First, let's cover the funds' similarities. Both VXUS and ACWX overlap in terms of top holdings, including ASML, Tencent, and TSM. In addition, both share a similar performance history. Over the last five years, VXUS has generated a total return of 48.3%, while ACWX has generated a total return of 46.4%. Similarly, the max drawdown for each fund is nearly identical at approximately -30%. Finally, both funds have a beta of 0.79 -- indicating they are somewhat less volatile compared to the S&P 500.
Turning to differences, VXUS comes out ahead on several key factors. For one, its expense ratio is 0.05%, which is very attractive. ACWX, by contrast, has an expense ratio of 0.32%, which is far closer to the industry average. As for yield, VXUS is once again superior, with a dividend yield of 3.1%, which bests ACWX's 2.7% dividend yield.
In sum, VXUS appears to be a cut above ACWX at this point.

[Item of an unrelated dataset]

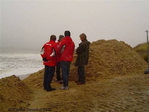 Ein Teil der Rennstrecke führt über den Strand, was jedoch nur bei Ebbe ohne allzuviele Spritzer geht. Zuvor, und das sieht man hier, kann aber schon die Abfahrt zur Strandstrecke vorbereitet werden.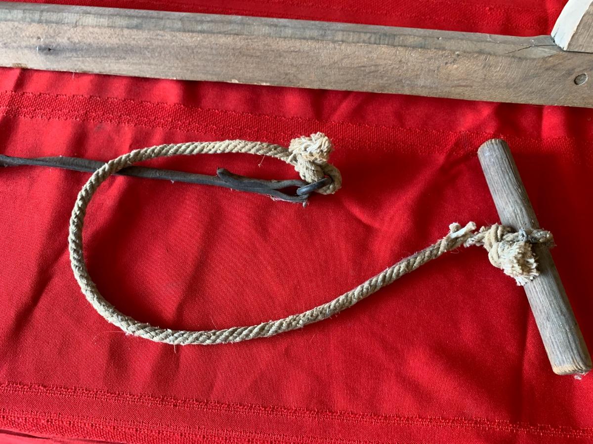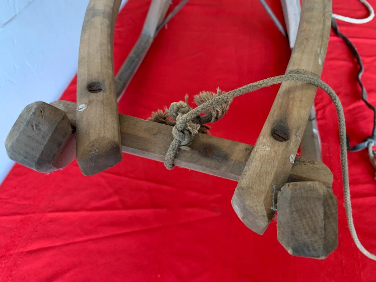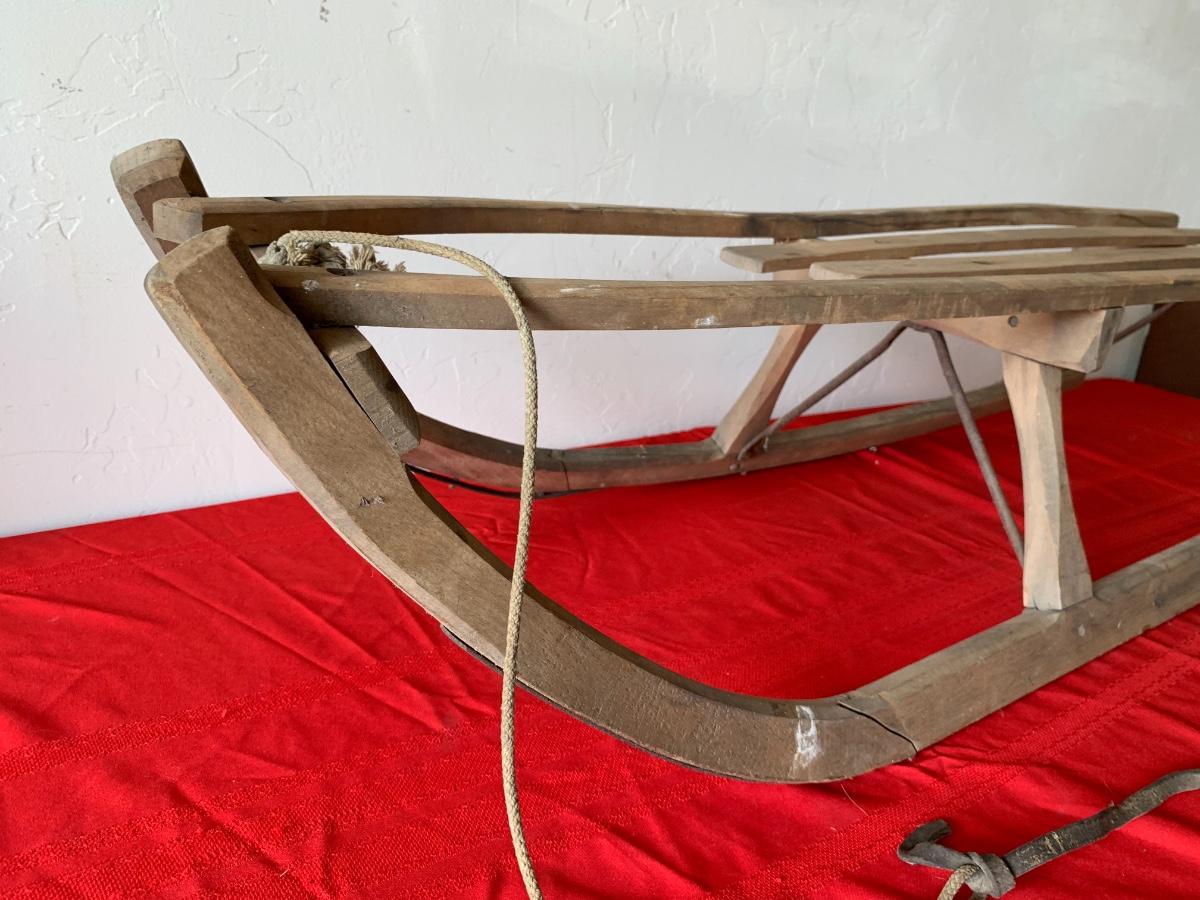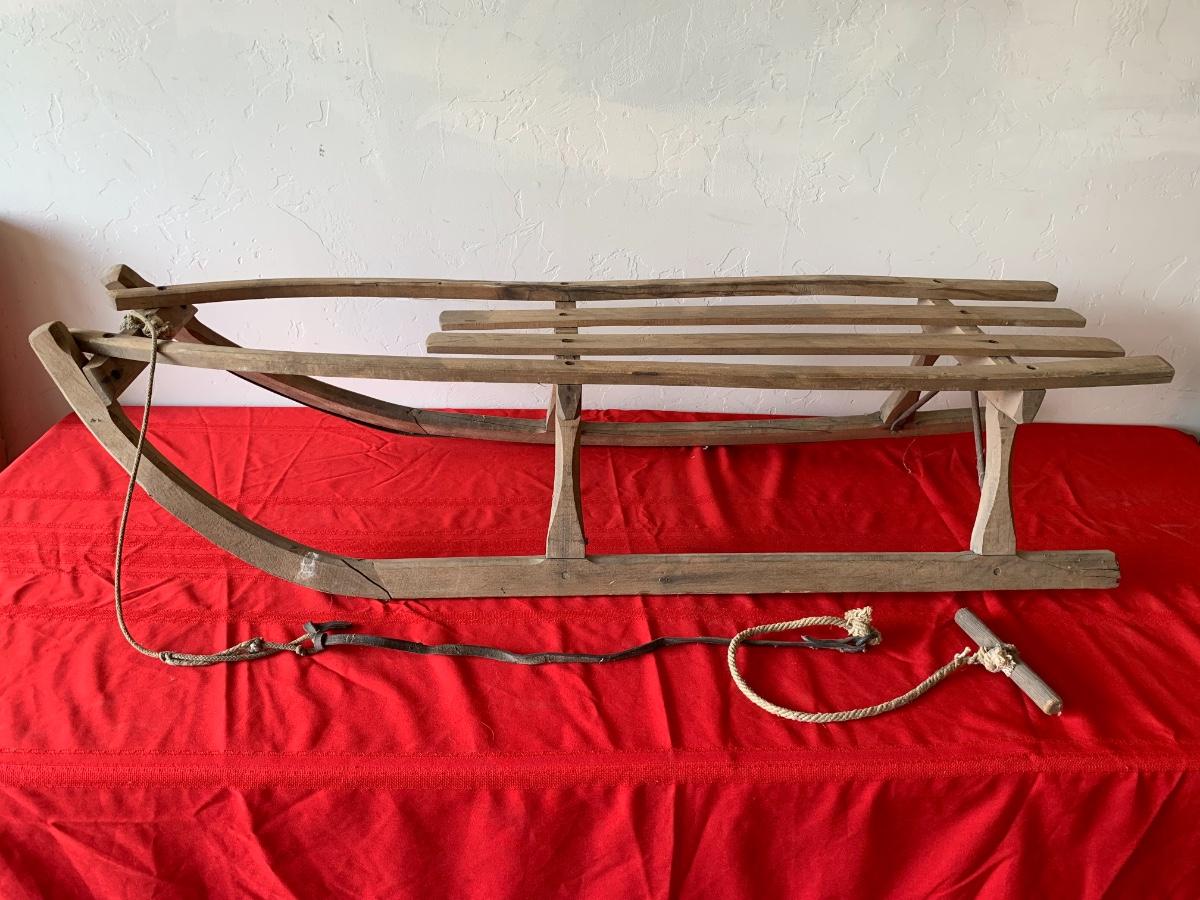 Larger size slatted wood sled with iron under runners and braces. Includes a rope and leather pull - 48” L x 12” W

Its lower fees and higher dividend yield along with nearly identical performance, mean VXUS appears to be the preferable choice for investors seeking international exposure.
Glossary
ETF: Exchange-traded fund that holds a basket of securities and trades on an exchange like a stock.
Expense ratio: Annual fund operating costs expressed as a percentage of the fund’s average assets.
Dividend yield: Annual dividends paid by a fund divided by its current share price, shown as a percentage.
Beta: Measure of a fund’s volatility compared with a benchmark index, usually the S&P 500.
AUM: Assets under management; the total market value of all assets held in the fund.
Max drawdown: The largest peak-to-trough decline in a fund’s value over a specific period.
Total return: Investment performance including price changes plus all dividends and distributions, assuming reinvestment.
Sector allocation: How a fund’s holdings are distributed across different industries, such as technology or financials.
Emerging markets: Economies in the process of rapid growth and industrialization, generally riskier than developed markets.
Developed markets: Economies with mature financial systems, higher incomes, and stable regulatory environments.
Concentration risk: Risk that poor performance of a few large holdings significantly hurts the fund’s overall returns.
Hedging: Using financial strategies to reduce or offset potential losses from market movements.